## Recorded data

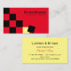 Make a lasting impression with this cool and modern business card design featuring red and black chequered pattern and the backgrounds are red and cream - yellow.
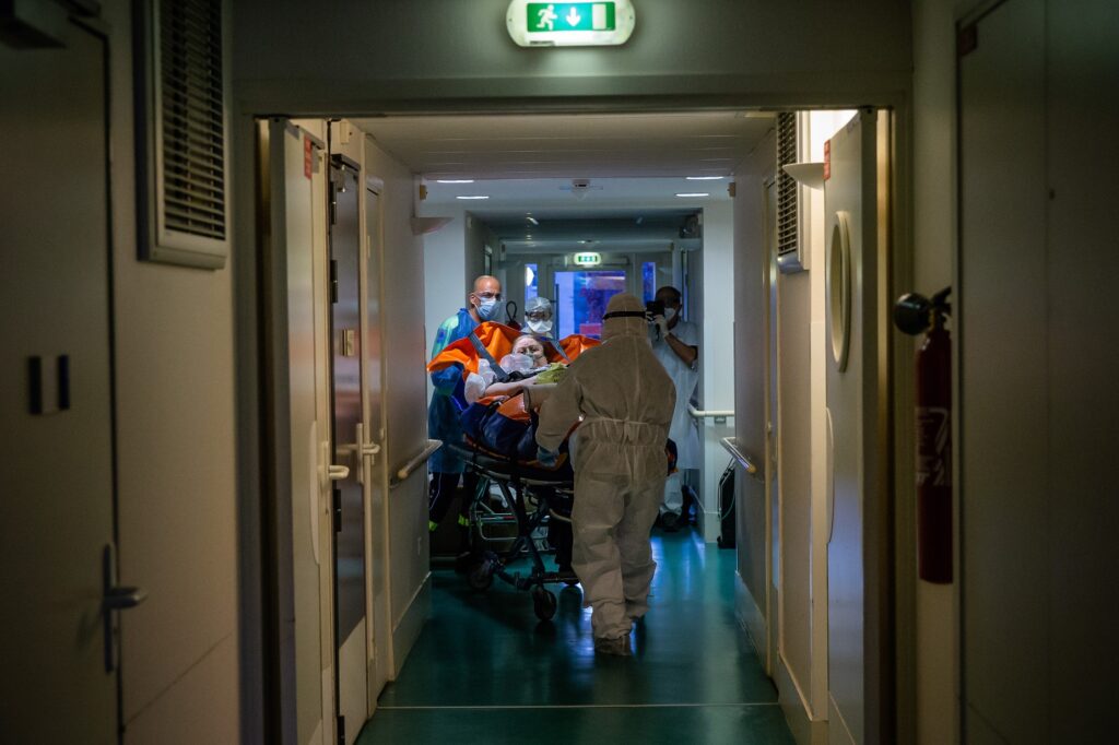 (200423) -- PARIS, 23 abril, 2020 (Xinhua) -- Imagen del 22 de abril de 2020 de una paciente con COVID-19 siendo trasladada a una ambulancia en un establecimiento de viviendas para personas mayores dependientes, en Epinay sur Seine, cerca de París, Francia. Hasta el miércoles, 29.741 personas que dieron positivo al coronavirus han sido hospitalizadas, 365 menos en las últimas 24 horas, con lo que se consolida una semana de descensos. El número de pacientes que requieren terapia intensiva bajó por decimocuarto día consecutivo. (Xinhua/Aurelien Morissard) (jg) (vf) (ce)
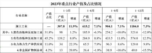 黑色冶炼和压延加工业,受产品价格持续下降及粗钢限产影响,二季度开始产值同比负增长且降幅逐季度扩大。2023年,黑色金属冶炼及压延加工企业共10户,比2022年增加2户(铭宇选矿公司、明瑞祥矿业公司),全年完成工业总产值323.6亿元,同比下降12%,其中,一季度增长1.2%、二季度下降6.3%、三季度下降10%;累计生产钢材658.5万吨,粗钢630万吨,铁合金25.7万吨。该行业产值增速持续下降,主要原因在于钢材均价持续下跌,6月份跌破5000元/吨,7月份起跌破4000元/吨,全年均价同比下降9.3%。

## What you should do
Each line above is to be copied verbatim. Drop any image from the copy.

## Answer section
 Make a lasting impression with this cool and modern business card design featuring red and black chequered pattern and the backgrounds are red and cream - yellow.
 (200423) -- PARIS, 23 abril, 2020 (Xinhua) -- Imagen del 22 de abril de 2020 de una paciente con COVID-19 siendo trasladada a una ambulancia en un establecimiento de viviendas para personas mayores dependientes, en Epinay sur Seine, cerca de París, Francia. Hasta el miércoles, 29.741 personas que dieron positivo al coronavirus han sido hospitalizadas, 365 menos en las últimas 24 horas, con lo que se consolida una semana de descensos. El número de pacientes que requieren terapia intensiva bajó por decimocuarto día consecutivo. (Xinhua/Aurelien Morissard) (jg) (vf) (ce)
 黑色冶炼和压延加工业,受产品价格持续下降及粗钢限产影响,二季度开始产值同比负增长且降幅逐季度扩大。2023年,黑色金属冶炼及压延加工企业共10户,比2022年增加2户(铭宇选矿公司、明瑞祥矿业公司),全年完成工业总产值323.6亿元,同比下降12%,其中,一季度增长1.2%、二季度下降6.3%、三季度下降10%;累计生产钢材658.5万吨,粗钢630万吨,铁合金25.7万吨。该行业产值增速持续下降,主要原因在于钢材均价持续下跌,6月份跌破5000元/吨,7月份起跌破4000元/吨,全年均价同比下降9.3%。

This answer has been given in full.